TASK GOAL
Your output should be the lines below from the one holding "TEKST Andreas B. Heide" through the one holding "ENFURECIDO TRATÓ DE", transcribed exactly, with no pictures.

SUPPLIED DATA Block Start

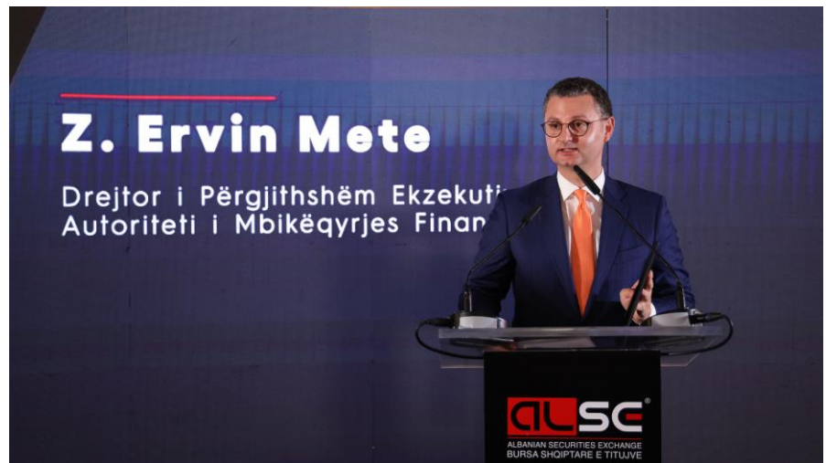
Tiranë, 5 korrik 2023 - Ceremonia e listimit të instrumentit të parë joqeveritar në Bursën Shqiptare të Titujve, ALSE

SUPPLIED DATA Block End
SUPPLIED DATA Block Start

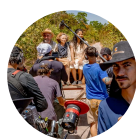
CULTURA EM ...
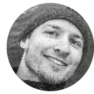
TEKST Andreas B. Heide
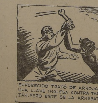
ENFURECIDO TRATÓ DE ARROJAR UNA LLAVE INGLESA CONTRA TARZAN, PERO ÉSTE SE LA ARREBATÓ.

SUPPLIED DATA Block End

TASK RESPONSE
TEKST Andreas B. Heide
ENFURECIDO TRATÓ DE ARROJAR UNA LLAVE INGLESA CONTRA TARZAN, PERO ÉSTE SE LA ARREBATÓ.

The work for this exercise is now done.